Assignment
Apart from the images, every record here needs to be copied exactly.

Records shown
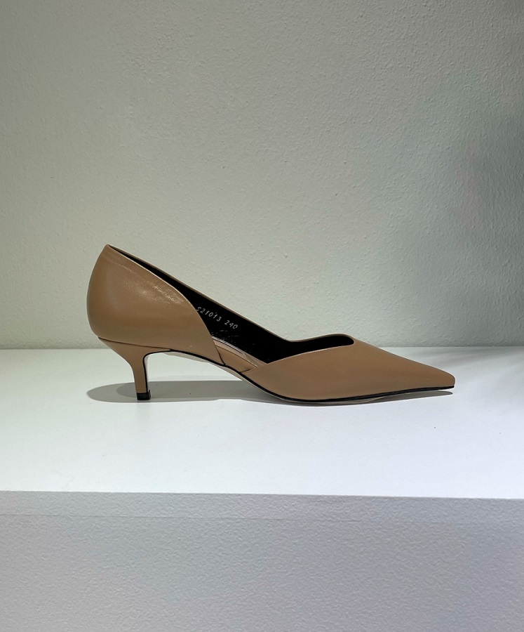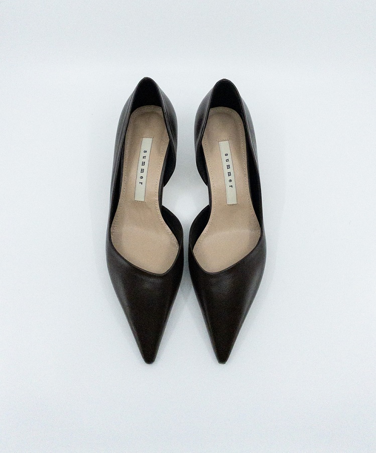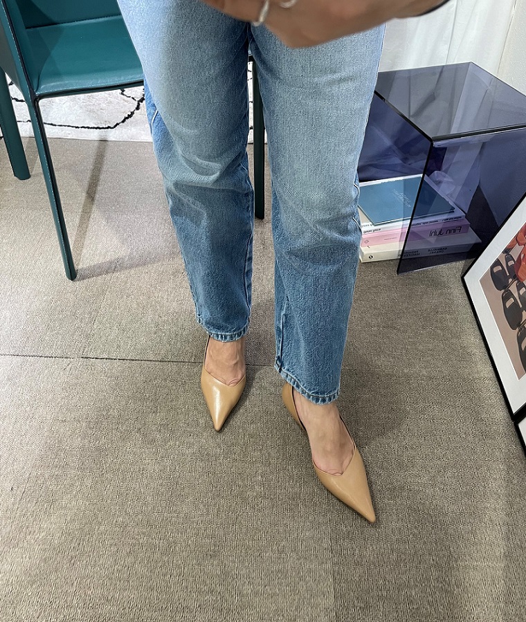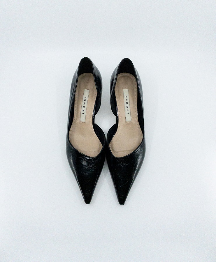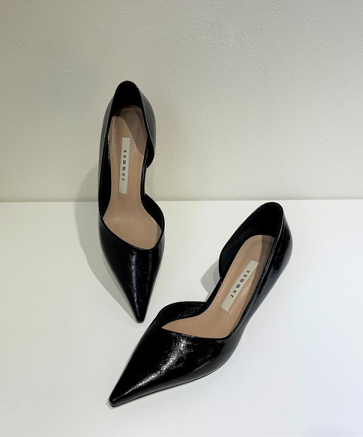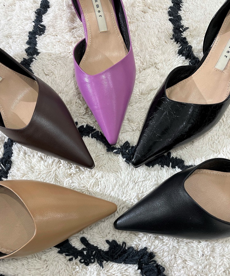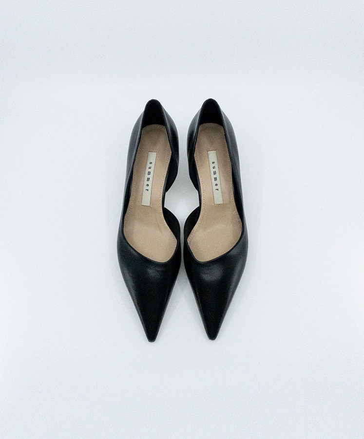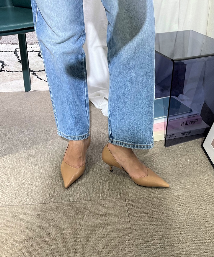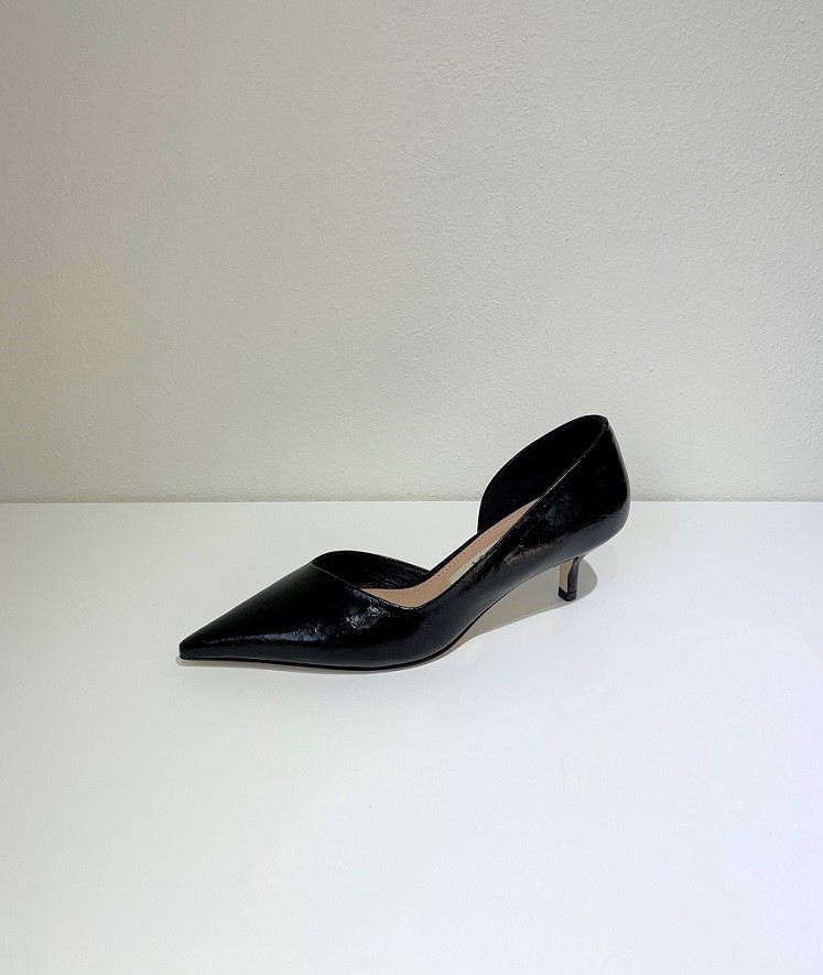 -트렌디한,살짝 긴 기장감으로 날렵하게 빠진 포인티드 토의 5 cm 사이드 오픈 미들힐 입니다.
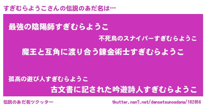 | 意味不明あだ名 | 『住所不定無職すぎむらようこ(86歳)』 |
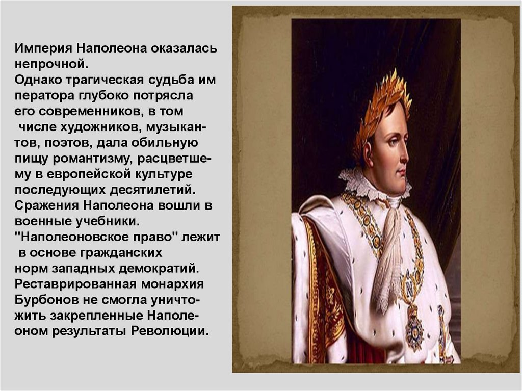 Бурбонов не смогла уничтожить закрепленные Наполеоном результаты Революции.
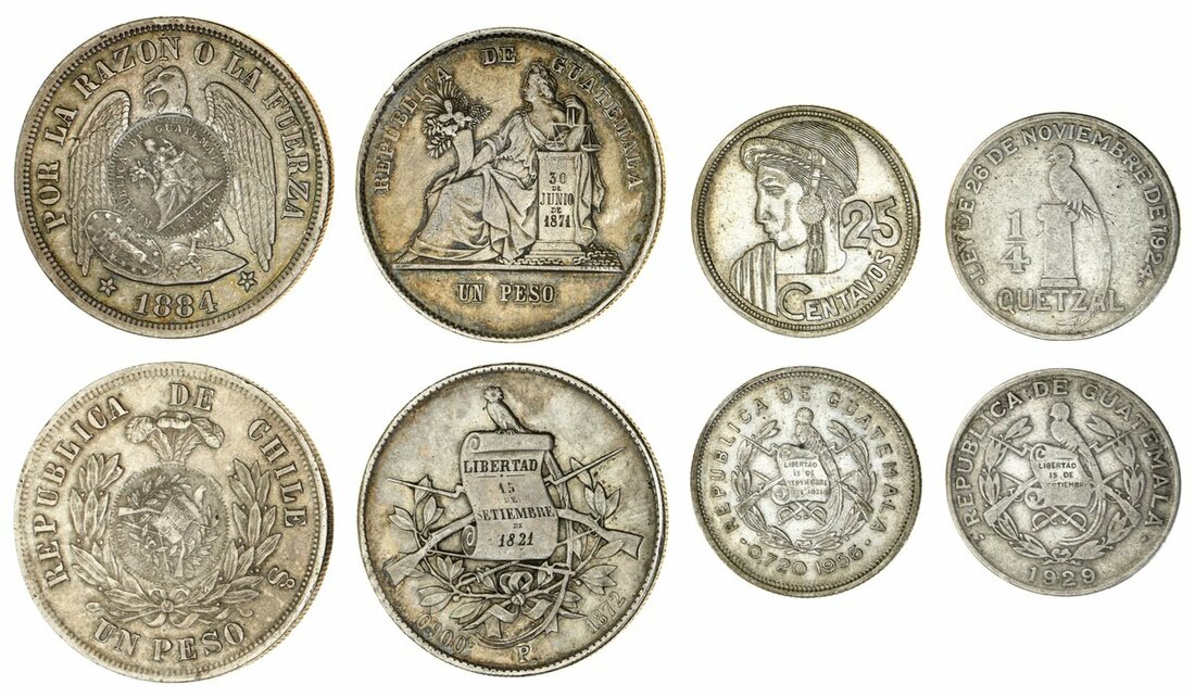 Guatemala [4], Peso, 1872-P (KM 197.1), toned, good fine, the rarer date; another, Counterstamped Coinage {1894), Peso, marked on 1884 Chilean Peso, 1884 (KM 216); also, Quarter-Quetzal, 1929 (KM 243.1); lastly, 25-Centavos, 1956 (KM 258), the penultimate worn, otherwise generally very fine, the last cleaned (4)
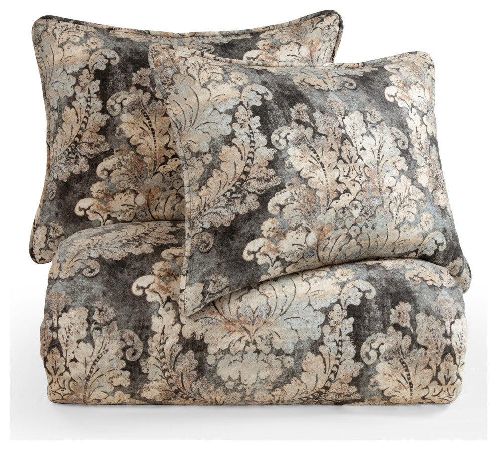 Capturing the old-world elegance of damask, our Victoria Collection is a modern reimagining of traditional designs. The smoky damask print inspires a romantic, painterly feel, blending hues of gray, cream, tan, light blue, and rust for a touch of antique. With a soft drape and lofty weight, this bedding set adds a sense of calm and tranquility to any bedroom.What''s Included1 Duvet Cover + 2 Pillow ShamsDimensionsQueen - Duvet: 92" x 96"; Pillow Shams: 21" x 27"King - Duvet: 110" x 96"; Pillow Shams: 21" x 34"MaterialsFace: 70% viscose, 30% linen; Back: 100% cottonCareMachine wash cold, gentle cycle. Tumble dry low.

Written reply
 -트렌디한,살짝 긴 기장감으로 날렵하게 빠진 포인티드 토의 5 cm 사이드 오픈 미들힐 입니다.
 | 意味不明あだ名 | 『住所不定無職すぎむらようこ(86歳)』 |
 Бурбонов не смогла уничтожить закрепленные Наполеоном результаты Революции.
 Guatemala [4], Peso, 1872-P (KM 197.1), toned, good fine, the rarer date; another, Counterstamped Coinage {1894), Peso, marked on 1884 Chilean Peso, 1884 (KM 216); also, Quarter-Quetzal, 1929 (KM 243.1); lastly, 25-Centavos, 1956 (KM 258), the penultimate worn, otherwise generally very fine, the last cleaned (4)
 Capturing the old-world elegance of damask, our Victoria Collection is a modern reimagining of traditional designs. The smoky damask print inspires a romantic, painterly feel, blending hues of gray, cream, tan, light blue, and rust for a touch of antique. With a soft drape and lofty weight, this bedding set adds a sense of calm and tranquility to any bedroom.What''s Included1 Duvet Cover + 2 Pillow ShamsDimensionsQueen - Duvet: 92" x 96"; Pillow Shams: 21" x 27"King - Duvet: 110" x 96"; Pillow Shams: 21" x 34"MaterialsFace: 70% viscose, 30% linen; Back: 100% cottonCareMachine wash cold, gentle cycle. Tumble dry low.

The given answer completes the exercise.